According to such a configuration, the electromagnetic drive device 200
The swing motion of the first movable coil member (not shown) due to pulsed energization is transmitted to the notched gear plate 220 via the swing pin 20, but due to the forward movement of the pin 20 in the clockwise direction. Said first claw 2
27 acts, and the second pawl 228 acts by the counterclockwise return movement, so the cam member 230 is moved twice by one pulse energization, which is extremely efficient. Photography lens 241
Furthermore, the cam member 230 rotates in the same direction and returns to the initial position by pulse energization again after photographing, so it has the same advantages as the previous example, such as not requiring a reset mechanism. We are prepared.

〔Effect of the invention〕

According to the present invention, it is possible to more accurately adjust the distance of the photographing lens to the subject, and it is possible to provide an extremely useful autofocus camera that does not require an operation to reset the focusing device to its initial position. .
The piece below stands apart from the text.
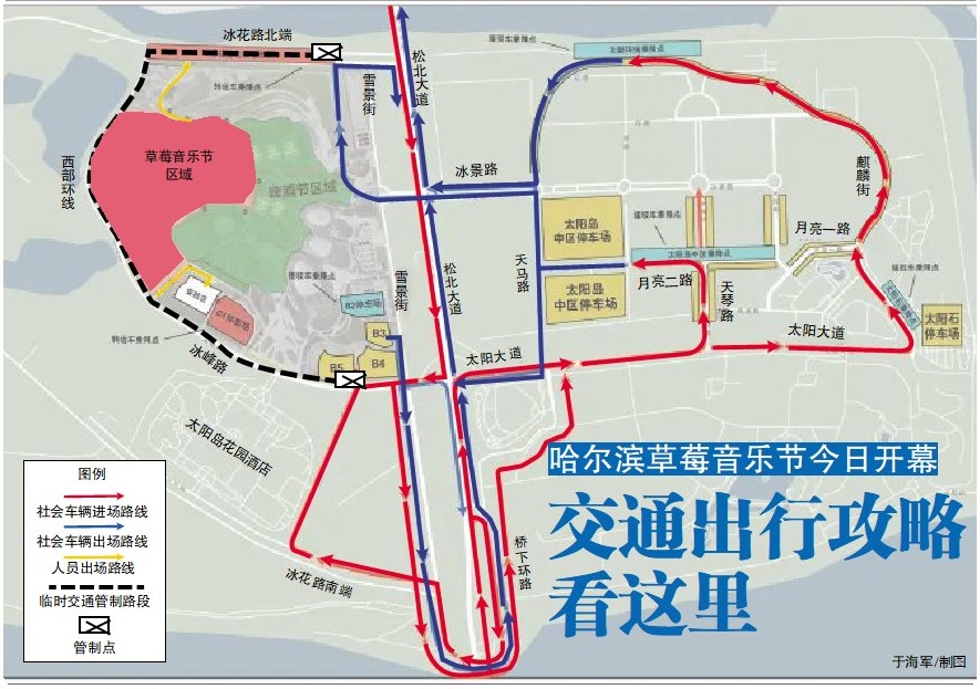 对音乐节活动现场冰峰路(冰霜路→冰花路北端)、冰花路北端(冰峰路→冰景路隧道)采取临时交通管理措施。此外,将根据音乐节活动现场交通流量情况,适时对松花江公路大桥、松北大道采取远端分流管控。

[Brief explanation of drawings]

1 and 6 are exploded perspective views of the focusing device in the autofocus camera of the present invention. 2 to 4 are plan, cross-sectional, and perspective views of the electromagnetic drive device used in the camera. FIG. 5 is a time chart of the focusing device shown in FIG. 1. 100,200...electromagnetic drive device, 110,2
10... Lens drive base plate, 116... Arc-shaped member,
117, 124, 227, 228...nail, 12
0,230...Cam member, 122...Step cam, 1
25...Protrusion, 126...Switch, 130,2
40... Lens frame, 132, 242... Pin, 1
33, 241... Photographing lens, 140... Lens drive tube, 150... Presser metal fitting, 170... Drive motor.

Claims (1)

[Claims] 1. An electromagnetic coil member including a movable coil member for controlling the driving of the photographing lens, which swings back and forth around the optical axis by pulse energization from a control circuit corresponding to the detection distance as the distance measuring means operates. a lens driving base plate having a driving device, a body having a plurality of straight grooves parallel to the optical axis, and a base integral with the body, and attached to the electromagnetic driving device via the base; a notched gear plate rotatably provided on the outer periphery of the body of the lens drive base plate; the notched gear plate has an engaging portion that engages with a pin provided on the movable coil member; and a first claw biased in one direction; an arcuate gear plate supported by the base of the lens drive base plate and having a gear portion on a part of its circumferential surface and a second claw biased in one direction; and the reciprocating rocking of the movable coil member. When the notched gear plate is swung, the gear portion on the notched gear plate and the gear portion on the arcuate gear plate are reversed so that the arcuate gear plate is swung in a direction opposite to the direction of the notched gear plate. a gear provided between the two so as to rotate in the direction; a barrel rotatably fitted to the outer periphery of the barrel of the lens drive base plate and having a cam portion corresponding to a detection distance; a lens position control cam member having a pawl and a ratchet wheel with which the second pawl engages, and a plurality of pins on the outer periphery that engage with linear grooves on the lens drive base plate; and a lens frame that is slidably fitted to the inside of the lens position control cam member, and when the movable coil member swings back and forth, the movable coil member is moved through the first pawl and the second pawl, An autofocus camera characterized in that the lens position control cam is configured to continuously rotate in one direction.